Set down the whole listing below exactly, without pictures.

Dataset excerpt —
────────
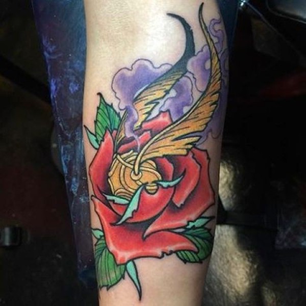 手臂彩色玫瑰花与魁地奇球纹身图案
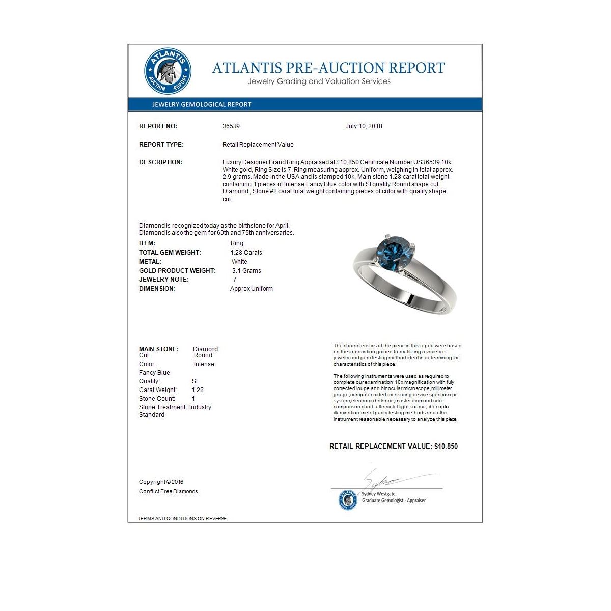 REF-147X8T -36539 ---- 1.28 CTW Certified Intense Blue SI Diamond Solitaire Engagement Ring 10K White Gold ---- Luxury Designer Brand Ring Appraised at $10,850 Certificate Number US36539 10k White gold, Ring Size is 7, Ring measuring approx. Uniform, weighing in total approx. 2.9 grams. Made in the USA and is stamped 10k, Main stone 1.28 carat total weight containing 1 pieces of Intense Fancy Blue color with SI quality Round shape cut Diamond , Stone #2 carat total weight containing pieces of color with quality shape cut
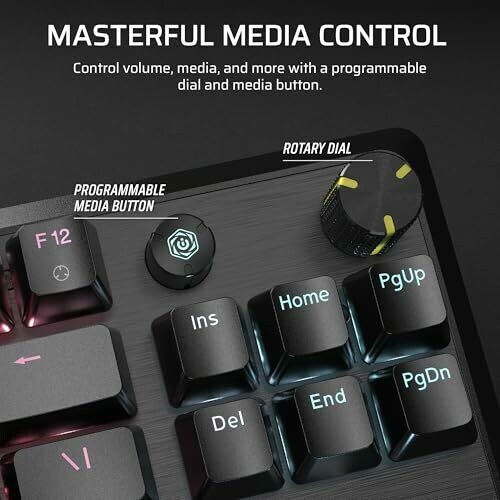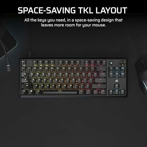 Space-saving tenkeyless layout. Pre-lubed CORSAIR MLX Red v2 linear switches. Per-key RGB backlighting. Two foam sound-dampening layers with pre-lubricated stabilisers. Multi-function rotary dial and programmable media button. ABS double-shot keycaps for durability.
────────
Task output —
 手臂彩色玫瑰花与魁地奇球纹身图案
 REF-147X8T -36539 ---- 1.28 CTW Certified Intense Blue SI Diamond Solitaire Engagement Ring 10K White Gold ---- Luxury Designer Brand Ring Appraised at $10,850 Certificate Number US36539 10k White gold, Ring Size is 7, Ring measuring approx. Uniform, weighing in total approx. 2.9 grams. Made in the USA and is stamped 10k, Main stone 1.28 carat total weight containing 1 pieces of Intense Fancy Blue color with SI quality Round shape cut Diamond , Stone #2 carat total weight containing pieces of color with quality shape cut
 Space-saving tenkeyless layout. Pre-lubed CORSAIR MLX Red v2 linear switches. Per-key RGB backlighting. Two foam sound-dampening layers with pre-lubricated stabilisers. Multi-function rotary dial and programmable media button. ABS double-shot keycaps for durability.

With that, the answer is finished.